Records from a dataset
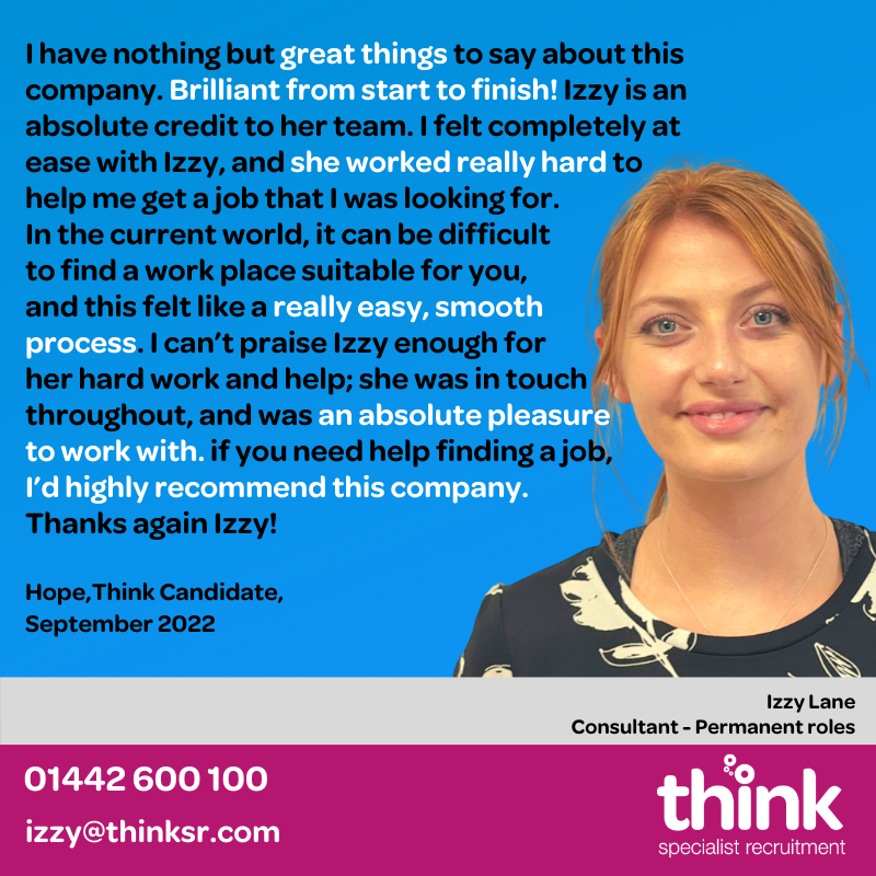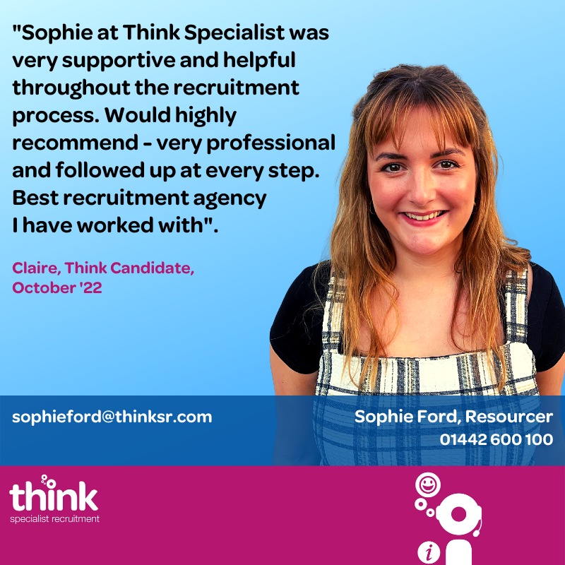 Just over a year later I am still here and have learnt so much! From starting completely new to the recruitment world I received an unbelievable amount of support and training. Everyone has been so great and the opportunities have been endless. From joining straight away I felt the environment was fantastic and it didn’t take me long to settle in at all. Everyone made me feel so comfortable and the support I received has been amazing. Once I had settled as a Resourcer I was then given a number of options of which path I could take next. From this I was given the fantastic opportunity to take on the Hemel desk as a permanent consultant and have loved it so far! It has been a rollercoaster of a year but I can honestly say I couldn’t have done it without the support or guidance from my team. Bobby and Chris have both been amazing and so encouraging throughout the journey. They have helped me through all the ups and downs. I am still learning everyday but can’t believe how much has changed since I first started! If like me you are unsure of where to go next then I would highly recommend the recruitment world – especially here at Think!
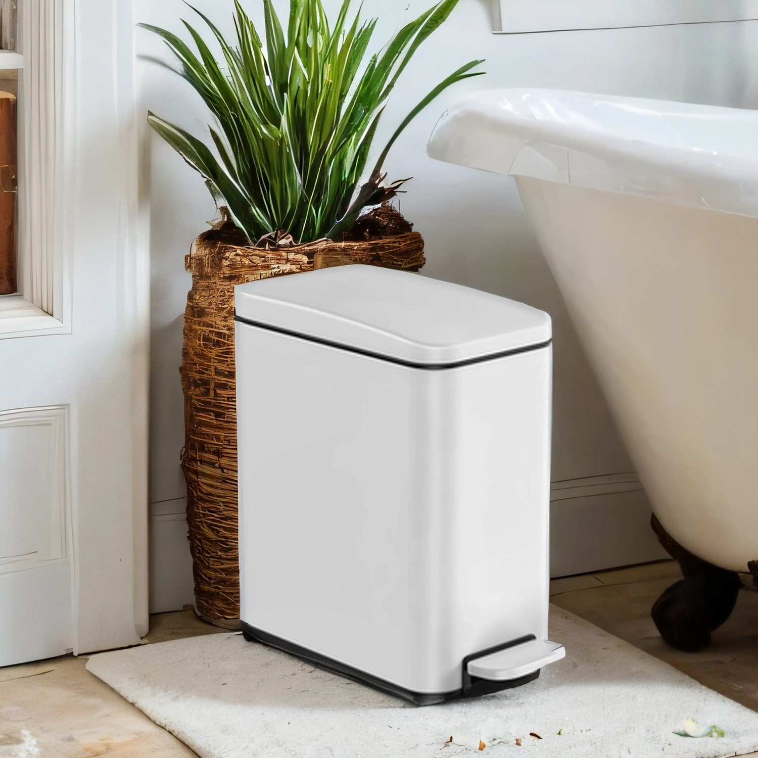 SONGMICS Cosmetic Bin and Toilet Brush Set, Bathroom Trash Can, with Lid, Pedal Bin, Small Trash Can, Narrow for Small Spaces, Steel, Soft Close
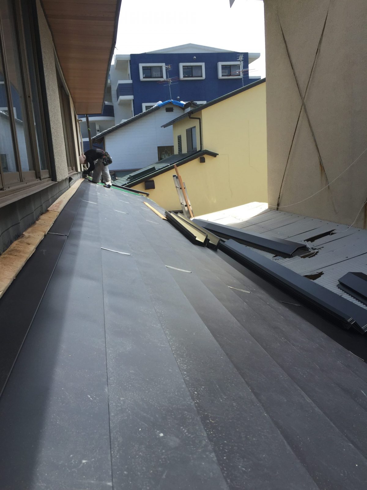 葺き替え工事は、古い屋根材を取り外し、下地の検査や補修を行います。
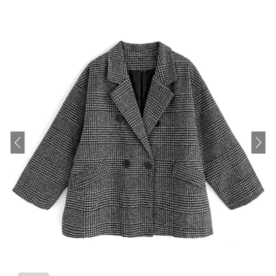 체크 무늬 노카라 피 코트
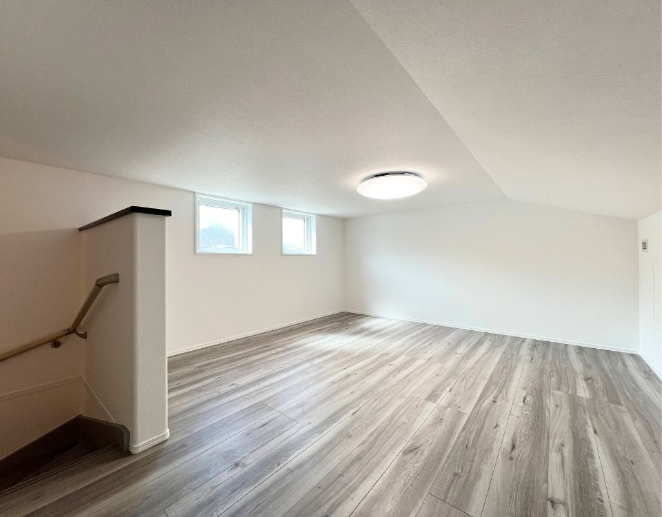 屋根形状に沿った勾配天井が、空間に広がりと個性をもたらす小屋裏スペース。視線の抜ける低窓から自然光が入り、明るさを確保しながらも落ち着いた居心地に仕上げました。ゆとりある広さを活かして、収納はもちろんワークスペースや遊び場など、ライフスタイルに合わせて柔軟に使える空間です。
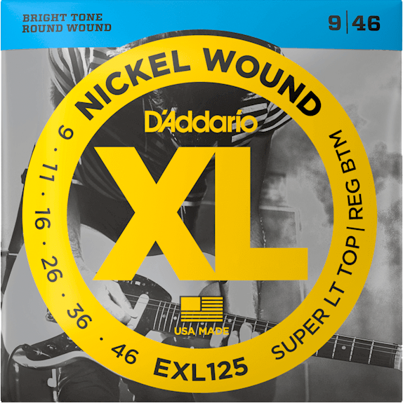 XL Nickel Wound electric guitar strings are the standard against which all other strings are measured. Our best-belling electric set, XL Nickel has been revered by players everywhere since 1974. Made with a high carbon steel core and nickel-plated steel wrap wire, XL Nickel strings have a bright, versatile tone, ideal for a wide variety of musical styles. 09-46 Super Light Top/Regular Bottom gauge sets have more low-end tone, while staying flexible for bends.
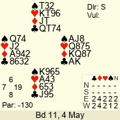 | Con | Dc | Res | Score | Ld | Pairs | Rd | Tbl | | 1 NT | S | +2 | 150 | 8 | 07 - 02 | 3 | 3 |

DIRECTIONS FOR THIS TASK: Give again exactly the lines from the one holding "체크 무늬 노카라 피 코트" to the final line of the records, both ends included, and nothing more. Pictures do not belong in the copy.

ANSWER SPACE:
 체크 무늬 노카라 피 코트
 屋根形状に沿った勾配天井が、空間に広がりと個性をもたらす小屋裏スペース。視線の抜ける低窓から自然光が入り、明るさを確保しながらも落ち着いた居心地に仕上げました。ゆとりある広さを活かして、収納はもちろんワークスペースや遊び場など、ライフスタイルに合わせて柔軟に使える空間です。
 XL Nickel Wound electric guitar strings are the standard against which all other strings are measured. Our best-belling electric set, XL Nickel has been revered by players everywhere since 1974. Made with a high carbon steel core and nickel-plated steel wrap wire, XL Nickel strings have a bright, versatile tone, ideal for a wide variety of musical styles. 09-46 Super Light Top/Regular Bottom gauge sets have more low-end tone, while staying flexible for bends.
 | Con | Dc | Res | Score | Ld | Pairs | Rd | Tbl | | 1 NT | S | +2 | 150 | 8 | 07 - 02 | 3 | 3 |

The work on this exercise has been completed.